The campaign has elements on awareness raising as well as a call to action. The latter includes an online signature campaign that seeks to collect at least 100,000 signatures from those who oppose violence against women.
The online ‘signature book’ opened for signatures on 26 November 2007 with an appeal from actress and UNIFEM Goodwill Ambassador Nicole Kidman. She called the violence many women worldwide face “an appalling human rights violation that can be stopped”, and asked everyone to add their names to a growing number of supporters saying “NO” to violence against women at http://www.saynotoviolence.org.
She added: “The more names we collect, the stronger our case to make ending violence against women a top priority for governments everywhere.”
Watch her appeal on YouTube:
I have just signed up, on this leap day 29 February 2008. Three months since the campaign was launched in New York, it has so far gathered a little over 58,500 signatures.
It’s certainly commendable – but not nearly enough, and still more than 40,000 needed to reach the modest target of 100,000.
Not that it’s just a numbers game, of course. The quality and sincerity of commitment matter a great deal. At the same time, UNIFEM and other UN agencies trying to engage the public through online interactive methods should study how successful activist groups do the same — with much better and faster results.
Avaaz.org is a leader among these. It is a new global web movement with a simple democratic mission: to close the gap between the world we have, and the world most people everywhere want. Set up in early 2007, it has quickly evolved into online community through which hundreds of thousands of concerned people are taking action together on urgent issues like climate change, poverty, human rights and the crises in the Middle East and Burma.
In October 2007, I joined Avaaz in its signature campaign to focus global attention on the political violence and gross abuse of human rights in Burma. In just four days, thousands of Avaaz members donated over $325,000 online to support the Burmese people’s efforts to peacefully promote political change and tell the world about their struggle.
The Burmese junta may not care for millions of people protesting or donating online, but the leaders of the democratic world – pondering their response to the atrocities in Burma – would find it hard to ignore this surge of public concern.

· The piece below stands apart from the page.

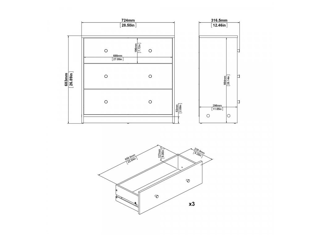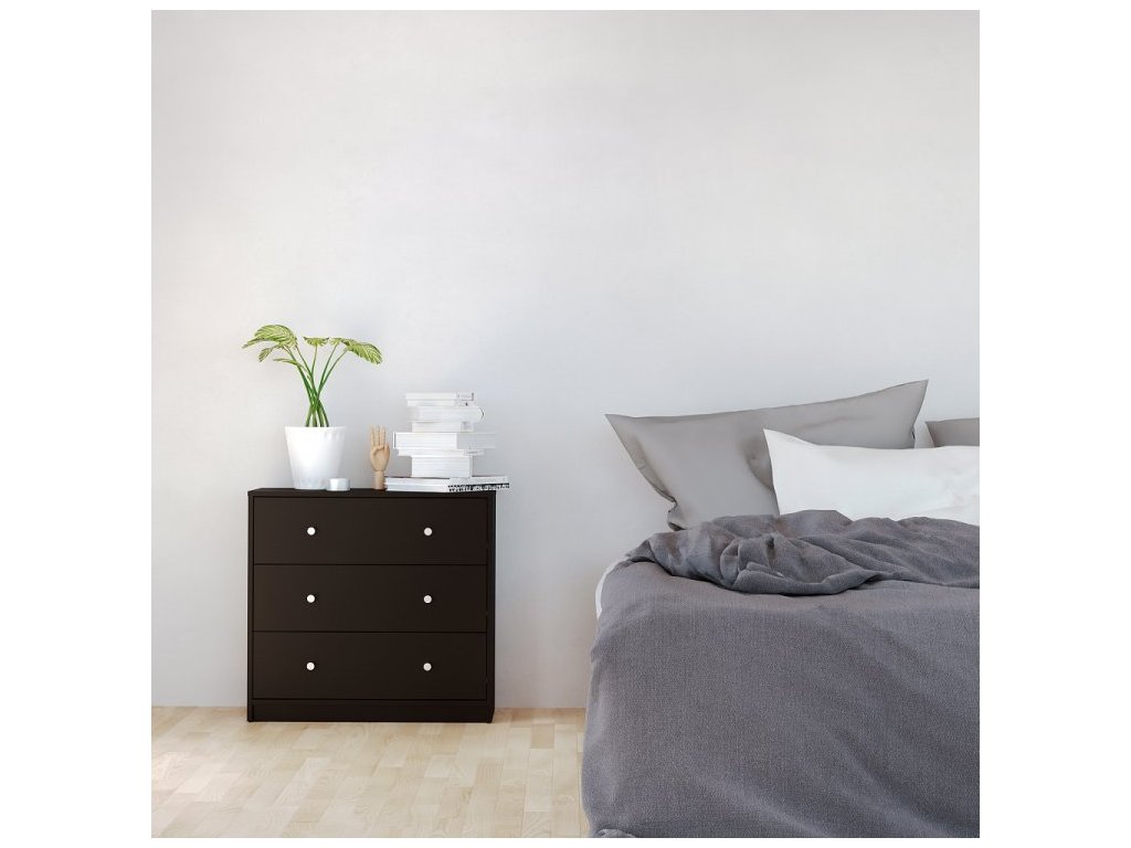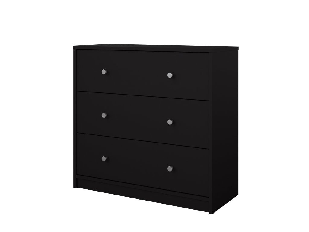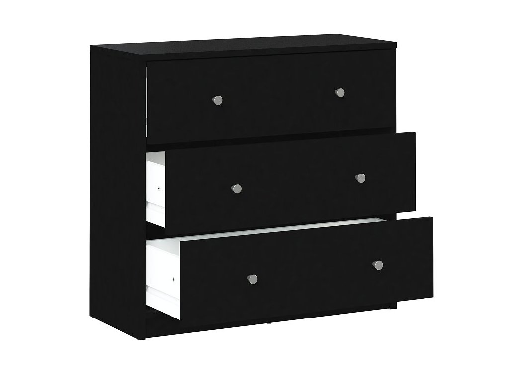 Komoda May 70332 v černé matné barvě. Šuplíky jsou vybaveny plastovými úchytky ve stříbrné barvě. Povrch je odolný vůči poškrábání. Dodáváno v demontu. Tuto komodu nabízíme také v dalším barevném provedení. Ve stejném designu kolekce May nabízíme také další komody a noční stolky.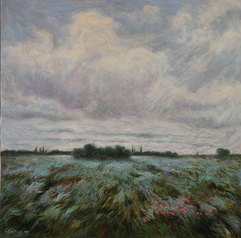 رنگهایی که شاید بر طبق واقعیت نقاشی نشده باشد. ترکیب بندهایی که ما را به یاد عالم مثال گونه از طبیعت میاندازد، با خط افقهایی که ما را تا ژرفایی تابلو میبرد.گاهی رنگها با اختلاف سایه و روشن شدید، نقاشی میشوند و زمانی پرده به پرده خاکستریهای رنگی ترکیبی جذاب از رویا را به هم میبافند.

But it’s a long leap from Burma to the bed room or backyard. A major difficulty faced by those campaigning to focus on violence against women: they are countering actions that are widely distributed, pervasive and sustained over time. Much of it happens at personal and family level, necessarily beyond the public and media’s glare. Incidents flare up only occasionally to spill over to the public space to become news events or talking points.
So, as in many similar instances, out of sight often means out of mind.
The big challenge is how to raise public awareness on a wide-spread issue of violence that happens, to a large extent, in private. The facts and figures are compelling as they are alarming and depressing. The campaigners have lined up some of the biggest celebrities (like Nicole Kidman) and enlisted big guns like UN Secretary General Ban Ki-Moon.
All necessary, but not sufficient.
The campaign needs more than just star power or the UN’s clout to galvanize mass action. For a start, UN agencies need to get out of their fondness for coining and using endless acronyms. Even with my regular forays into the development community’s acronym jungle (read my post on the alphabet soup), I was recently puzzled when a film-maker colleague referred to GBV in an email without explaining it. It took me full five minutes to realise that she meant gender-based violence.
And some imaginative ways of raising the public profile would also help. Browsing on YouTube, I came across this video from Ireland. As one article described it:
“The ghosts and spirits of the millions of women who have been murdered, violated, oppressed, excluded, driven into exile, denied freedom of speech, denied participation in any decisions concerning their lives, because of war, religion, race, culture, age, disability, sexuality, poverty, bonded slavery, domestic violence or bureaucracy, glided in and out of the shoppers of Galway on 7 December 2007.”